Horse Pose With Lat Pull and Chest Press
- Start with feet out wider than your hips and turn your toes toward 10 and 2 o'clock, elbows close to your side with your forearms fanned out to the side. Bend your knees, keeping your spine long and shoulders stacked over your hips.
- Exhale, and extend your arms out to the side, parallel with the floor. Inhale, and pull your elbows back to your side. Exhale, and push your arms forward in front of your chest toward the sky. Inhale, and pull your elbows back to your side. Repeat.
- Do: 60 seconds
- Benefits: Strengthens inner and outer thighs and glutes. The movement will increase shoulder mobility without wear and tear on the joint. Also strengthens lats, chest, arms, and middle back.
Running Man With Straight Arms
- Start with feet together. Step back with your right leg, bending both knees, and hold. Extend your right arm over your head, left arm straight down next to your left hip. Make sure your left knee is over your ankle, right knee under your hip. Level your hips and keep your spine long. As you stand, draw your right knee into your chest, keeping your spine still, and switch your arms so you left arm is extended and your right arm drops. Step back into your lunge and switch your arms again. Repeat on opposite side.
- Do: 60 seconds on right side, 60 seconds on left side
- Benefits: The movement is great for the core and glutes. The arm movement will help build core strength along with triceps and shoulder strength.
- Come down to your hands and knees and place one weight behind your right knee. Make sure your palms are under your shoulders and spine is long. Engage your core and lift your right leg up without arching your back. Lower back down. Repeat.
- Do: 30 seconds small on right side, 30 seconds small on left side, 30 seconds with bigger range of motion on right side, 30 seconds with bigger range of motion on left side
- Benefits: Adding weight to the leg for All Fours can help engage the glutes even more while keeping the lower back still for core strength.

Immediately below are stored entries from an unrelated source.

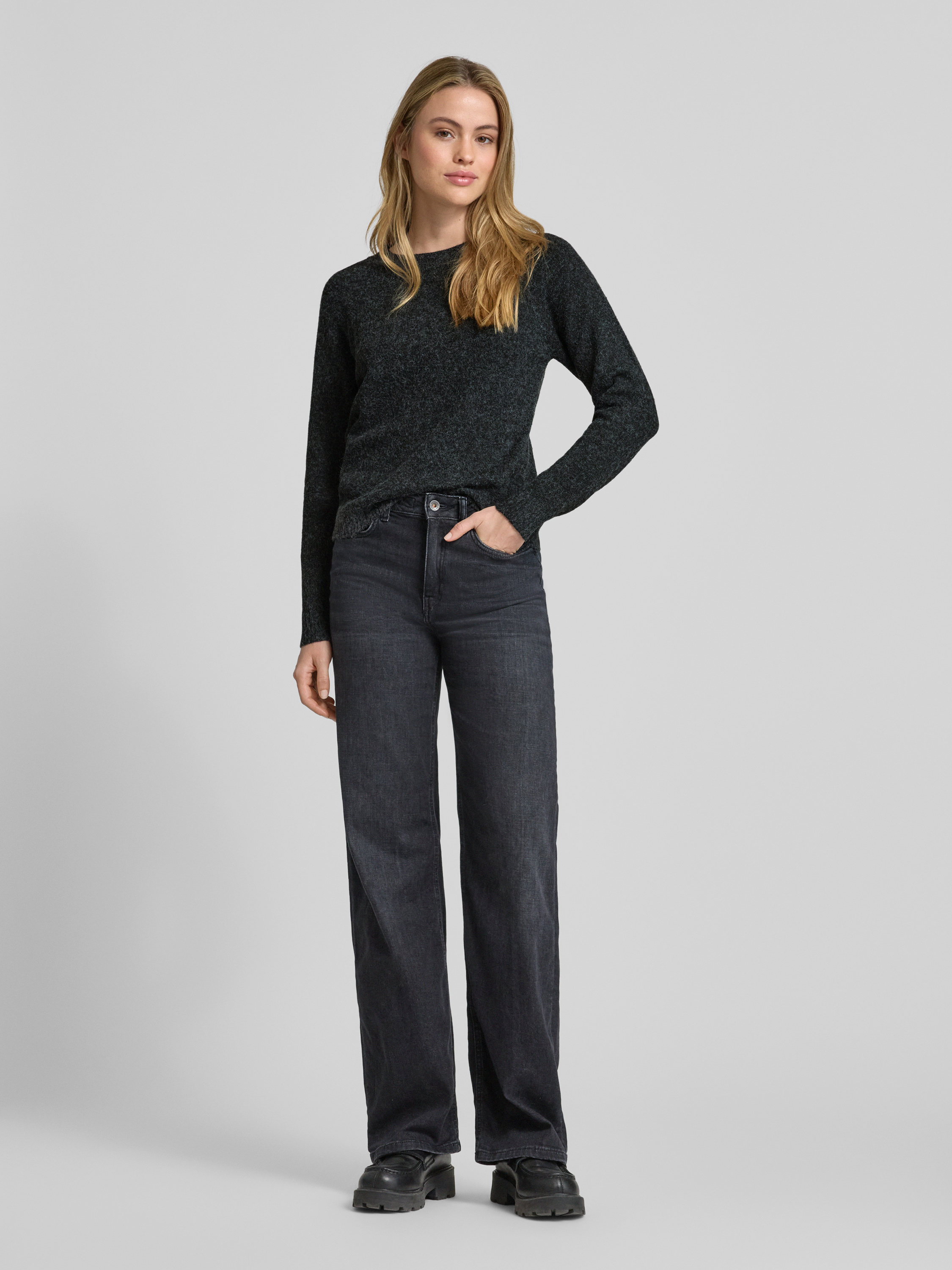 Regular fit gebreide pullover met raglanmouwen, model 'DOFFY' in zwart
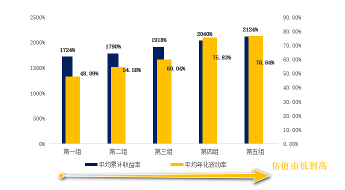 但是,从波动率的角度来看,高估值组也有着更高的波动率。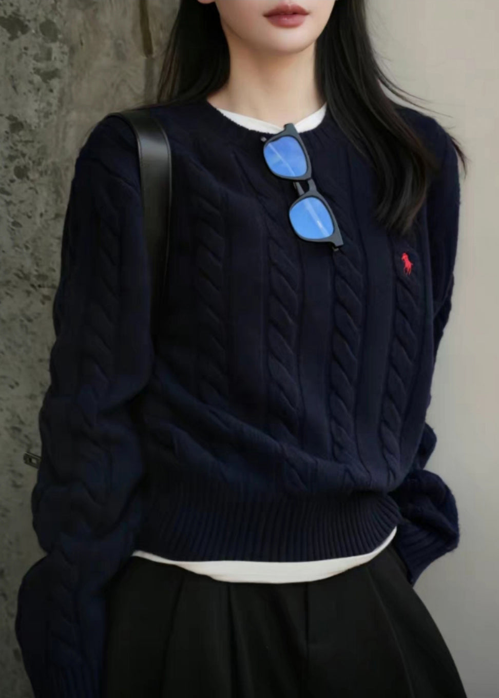 French Camel O Neck Embroidered Knit Sweaters Tops Spring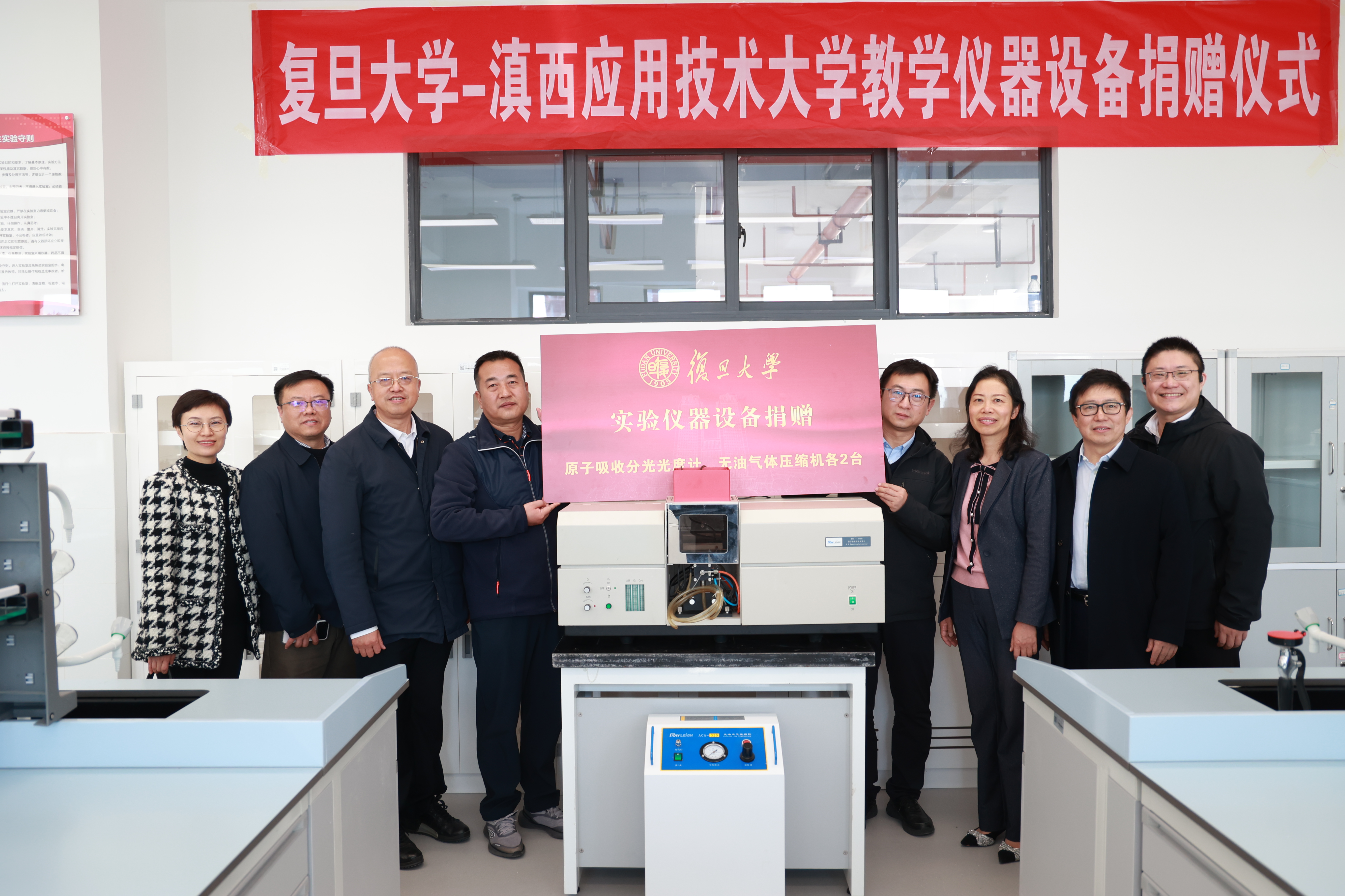 随后,考察团一行来到实验实训大楼六楼实验室,共同出席实验仪器设备捐赠仪式。仪式上,复旦大学向滇西应用技术大学捐赠原子吸收分光光度计、无油气体压缩机各两台,助力其改善实验教学条件、提升科研能力水平。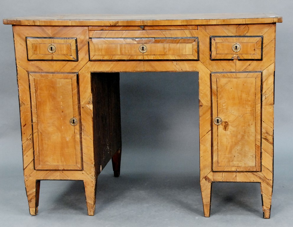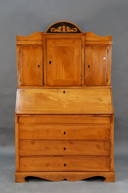 Fruitwood Biedermeyer type secretary desk in two parts, upper section with three doors on lower section with drop front desk over three drawers on bracket base with inlaid panels and lines no hardware. ht. 75in. wd. 46in. dp. 21 1/2in..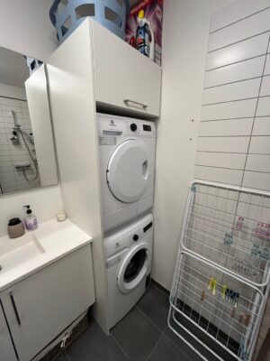 Der mulighed for at installere vaskemaskine og tørretumbler på badeværelset.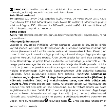 ET AENO TB1 elektriline blender on mõeldud toidu peenestamiseks, smuutide,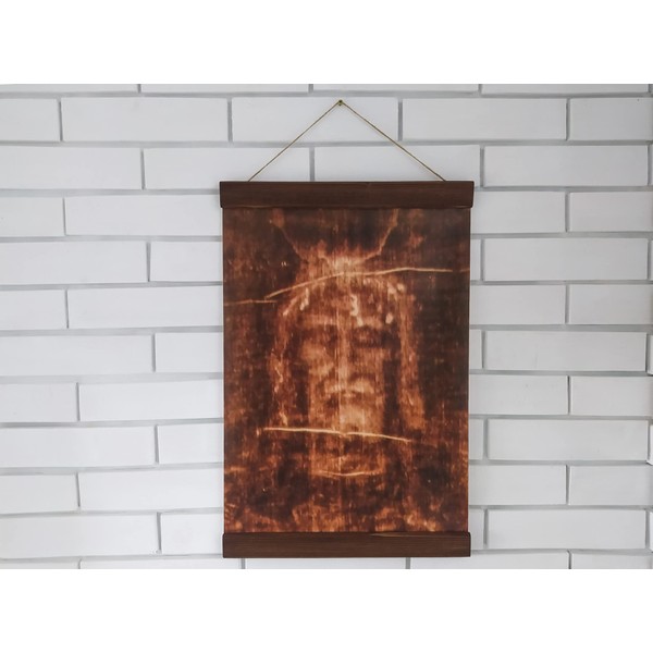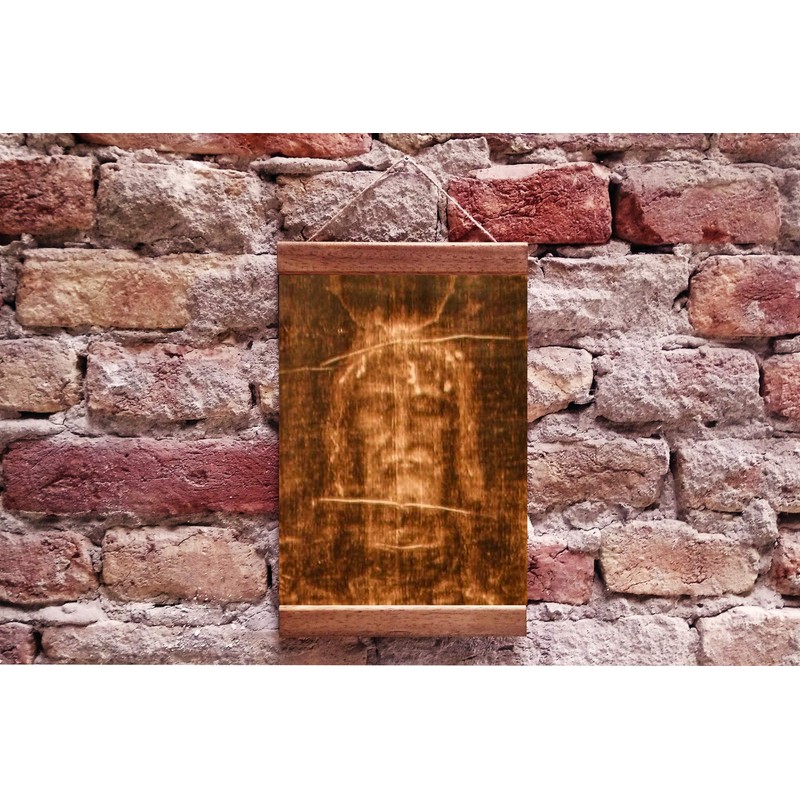 Jesus Christ Face Of The Shroud of Turin, Face of The Old Linen Wood Framed Canvas Print, Perfect Gift Vail of Turin Linen Face Size: 8.7" x 11.8" (22cm x 30cm)
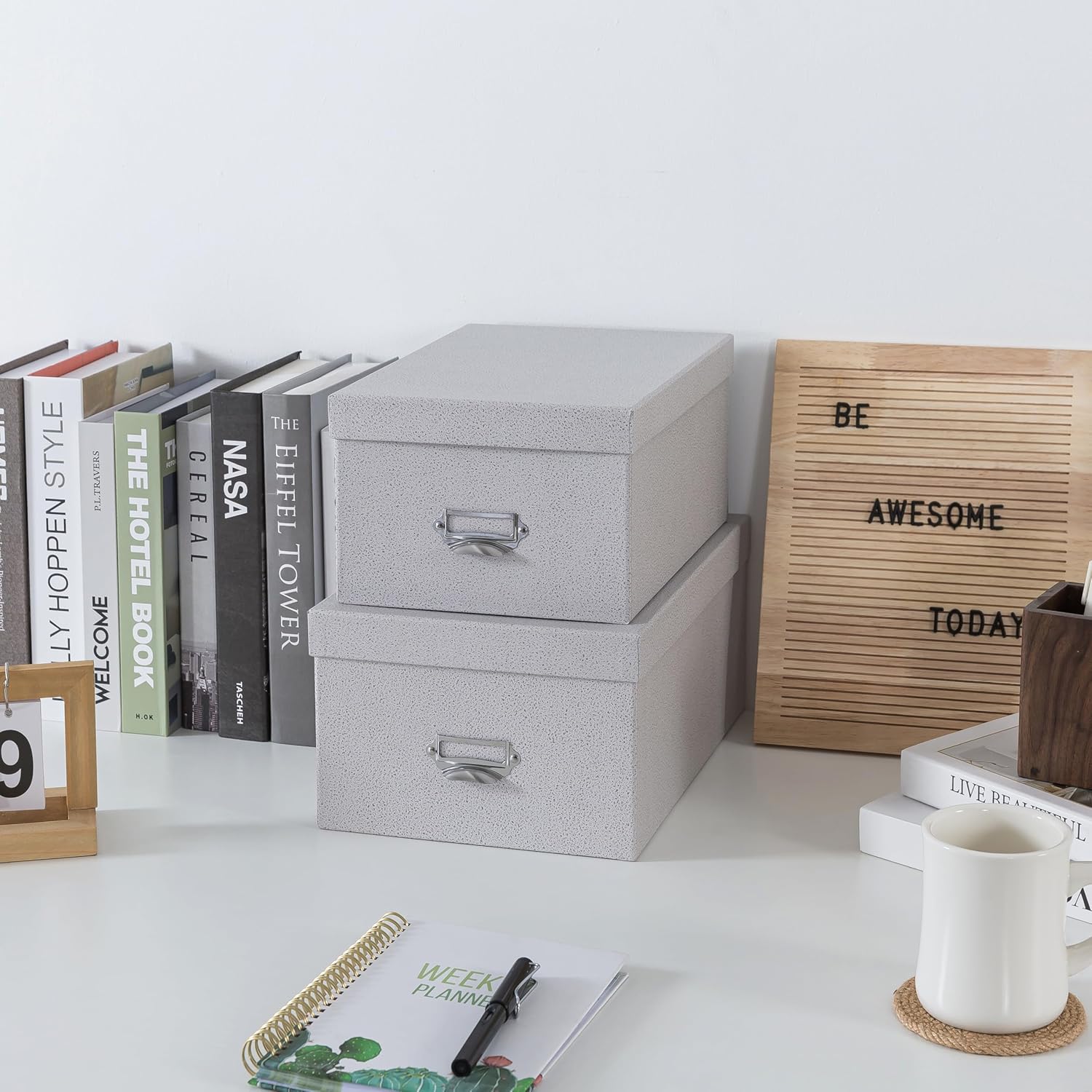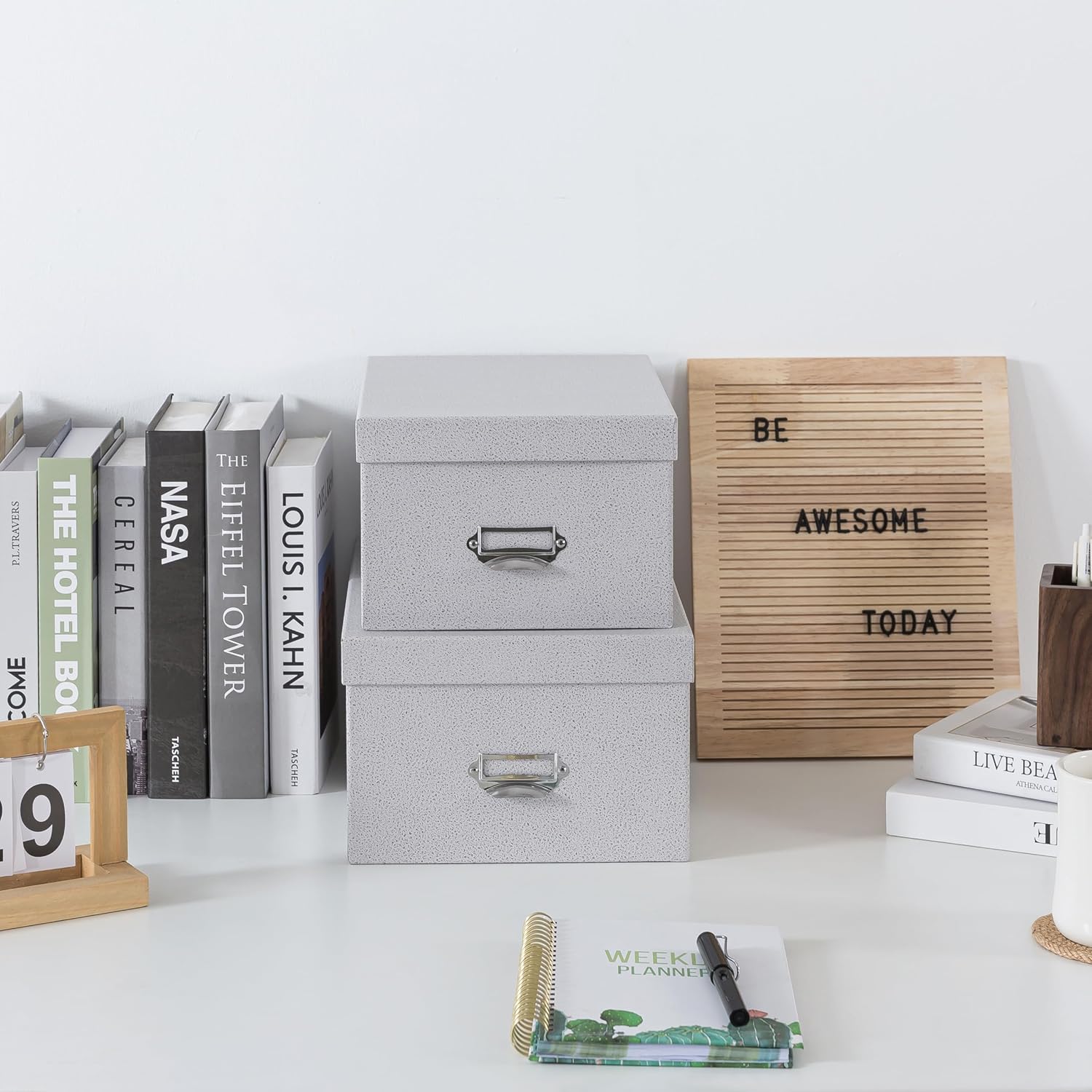 Soul & Lane Decorative Cardboard Storage Boxes with Lids, Set of 2 Stacking Keepsake Photo and Memory Boxes for Home & Office, Paperboard Organizers with Label Holders and Drawer Pulls, Cloud Gray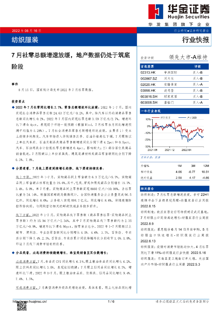 华金证券:纺织服装行业快报:7月社零总额增速放缓,地产数据仍处于筑底阶段.pdf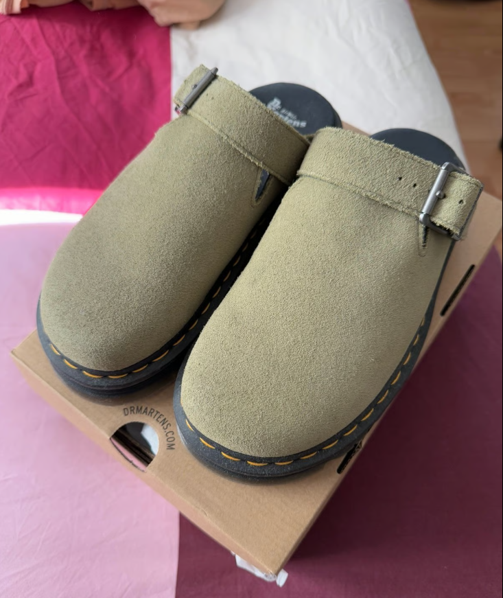 These suede clogs bring together the best of effortless style and everyday practicality. Designed with a chunky sole and signature yellow stitching, they deliver that bold, street-ready look while keeping your feet supported all day long. The adjustable buckle strap ensures a perfect fit, and the soft suede upper adds a cozy, autumn-ready touch. Whether you're heading out for a coffee run or dressing up your fall layers, these clogs are built to make every step stylish and comfortable.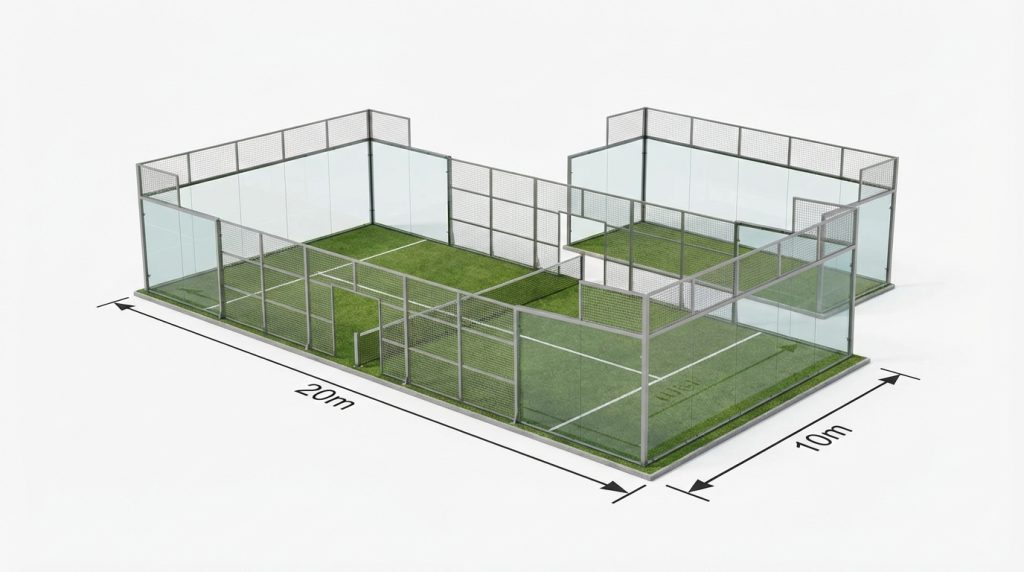 The wall structure is engineered specifically to surround the 200-square-meter playing surface while allowing for required rebound physics. Modern enclosure systems must fit the padel tennis court dimensions perfectly to ensure the glass panels and mesh are flush with the playing area.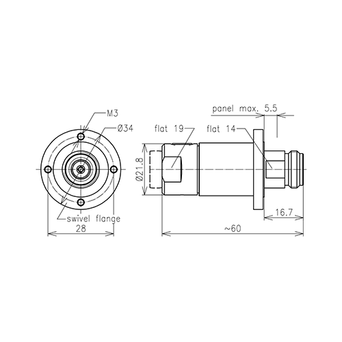 N gniazdo kołnierzowe skręcane na kable fiderowe 1/2" typu LCF12-50/LDF4-50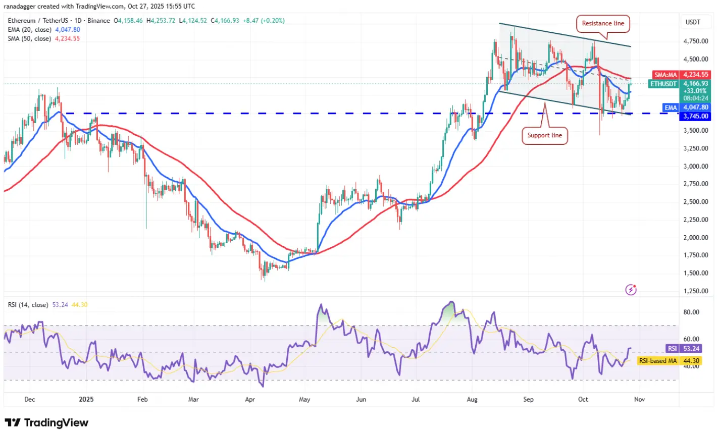 以太坊在触及50日SMA($4,220)后再度回落,显示空头仍在高位积极出手,整体趋势依然偏弱。当前价格正在逼近下降三角形的支撑线,这是决定短期方向的关键位置。一旦该支撑被有效跌破,ETH/USDT可能进一步下探至$3,350甚至更低。

- Sit down on your seat and lift your spine tall, holding weights straight out in front of chest, palms facing in. Keeping your heels gently on floor and spine long and still, turn your torso toward the left, pulling your left arm back like a bow. Return to center. Repeat on the opposite side.
- Do: 60 seconds
- Benefits: This is a core strengthening exercise. Lighter weights will help keep the shoulders aligned so the movement challenges the abs and core-stabilizing muscles in your back.
- Hold a high plank with shoulders over wrists with a weight in front of your right hand. Remember to breathe. Keeping your spine and hips still, lift your left hand and move the weight to the left. Pick up your right hand and move the weight to the right. Repeat.
- Do: 60 seconds
- Benefits: Moving the weight is a way to challenge and strengthen your core (hello obliques!). You are going to want to lean and twist to move the weight, so keeping the spine still and stable is key.